Enabling interoperability and scalability in ocean sonar data analysis
https://echopype.readthedocs.io/
Apache License 2.0
94 stars 73 forks source link

refactor(convert): Full refactor for the usage of disk during memory expansion [all tests ci] #1185

Closed lsetiawan closed 9 months ago

lsetiawan commented 11 months ago

Overview

This PR does a full refactor for the "swap" functionality by largely removing the whole usage of Parsed2Zarr objects in favor of a simpler direct usage of zarr library features to create arrays.

Issues Resolved

codecov-commenter commented 11 months ago

Codecov Report

Merging #1185 (bf895a1) into dev (f98e825) will increase coverage by 5.32%. The diff coverage is 88.46%.

@@            Coverage Diff             @@
##              dev    #1185      +/-   ##
==========================================
+ Coverage   77.80%   83.13%   +5.32%     
==========================================
  Files          66       63       -3     
  Lines        6002     5710     -292     
==========================================
+ Hits         4670     4747      +77     
+ Misses       1332      963     -369     
Flag Coverage Δ
unittests 83.13% <88.46%> (+5.32%) :arrow_up:

Flags with carried forward coverage won't be shown. Click here to find out more.

Files Coverage Δ
echopype/convert/api.py 88.70% <100.00%> (+2.69%) :arrow_up:
echopype/convert/parse_ek60.py 70.00% <100.00%> (ø)
echopype/convert/parse_ek80.py 50.00% <100.00%> (ø)
echopype/convert/set_groups_base.py 82.35% <100.00%> (-0.15%) :arrow_down:
echopype/convert/set_groups_ek60.py 100.00% <100.00%> (+6.45%) :arrow_up:
echopype/convert/set_groups_ek80.py 98.33% <100.00%> (+12.11%) :arrow_up:
echopype/convert/utils/ek_swap.py 100.00% <100.00%> (ø)
echopype/core.py 85.18% <ø> (-1.03%) :arrow_down:
echopype/testing.py 95.45% <95.29%> (-4.55%) :arrow_down:
echopype/echodata/echodata.py 77.49% <62.50%> (-0.40%) :arrow_down:
... and 2 more

... and 1 file with indirect coverage changes

:mega: Codecov offers a browser extension for seamless coverage viewing on GitHub. Try it in Chrome or Firefox today!
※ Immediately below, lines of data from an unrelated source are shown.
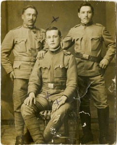 Tukaj je med dvema nam neznanima vojnima tovarišema mladi Jožef Miklavčič v uniformi avstro ogrskega vojaka. Položaj njihovih rok nakazuje medsebojno povezanost, saj se med seboj dotikajo, pa čeprav morda le na fotografovo sugestijo. Pri levem fantu se zdi, da so na ovratniku tri planike, ki mogoče nakazujejo pripadnost planinskemu polku – ampak to so zgolj ugibanja.
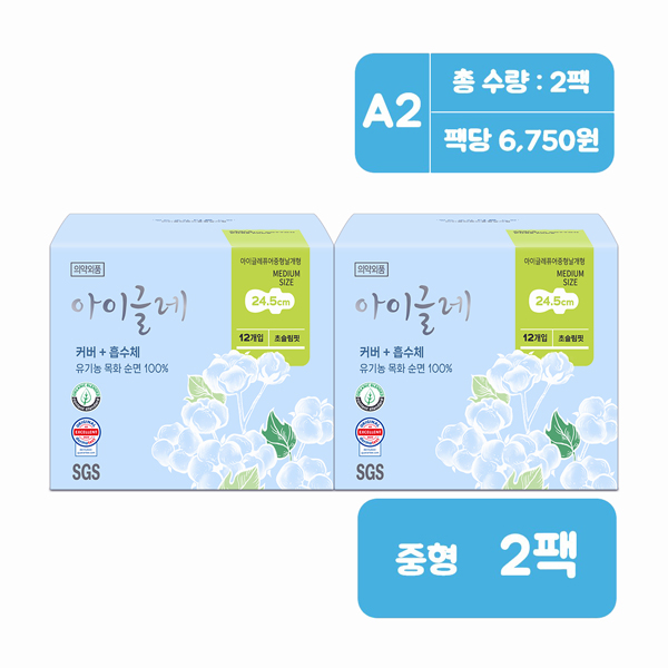 흡수체까지 100% 유기농 인증 목화 순면 생리대 A2 set
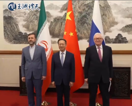 会晤由外交部副部长马朝旭主持。俄罗斯副外长里亚布科夫、伊朗副外长加里布阿巴迪出席,三方就伊朗核问题及其他共同关心的问题交换意见。

lsetiawan commented 11 months ago

Note to self: Look into the potential use of context manager for open_raw? https://realpython.com/python-with-statement/

Too complex at this moment... tabling this.

lsetiawan commented 10 months ago

@leewujung I got all the unit test in that uses your mock data. It took me a bit to make sure that I'm taking consideration various things such as the shape and values in there. I was able to get the old integration test in there though I found some issues with one of the EK80 sample 😞. Also, I need to bring back the s3 side of testing... I might need one more day to get those in. But please do start reviewing when you get a chance to at least get familiar with how it is and see if anything need to change or confusing. Thanks.

lsetiawan commented 10 months ago

Also, I need to bring back the s3 side of testing... I might need one more day to get those in.

Thinking about this... I feel maybe for a "swap" it would be less complexity and just keep it on disk... since this is really just for temporary space when opening a file and it's not that large. We know that zarr write to s3 can be very slow, especially when it's such a small file, I am not sure if it's even worth it. Let me know what you think. Thanks.

leewujung commented 10 months ago

But please do start reviewing when you get a chance to at least get familiar with how it is and see if anything need to change or confusing. We know that zarr write to s3 can be very slow, especially when it's such a small file, I am not sure if it's even worth it.

Let's connect Monday afternoon to go through the approach you are taking and the s3 consideration you have -- I think that's going to be more efficient than going back and forth here. Thanks.

lsetiawan commented 9 months ago

@leewujung Thanks for this extensive review! I'm glad that the review went well and that you're satisfied with the changes 😄

Regarding your last comment:

My only significant comment is the one related to the reshaping of complex variables.

Would you be able to create a new issue for this so that it can be tracked? Thanks!

lsetiawan commented 9 months ago

Would you be able to create a new issue for this so that it can be tracked? Thanks!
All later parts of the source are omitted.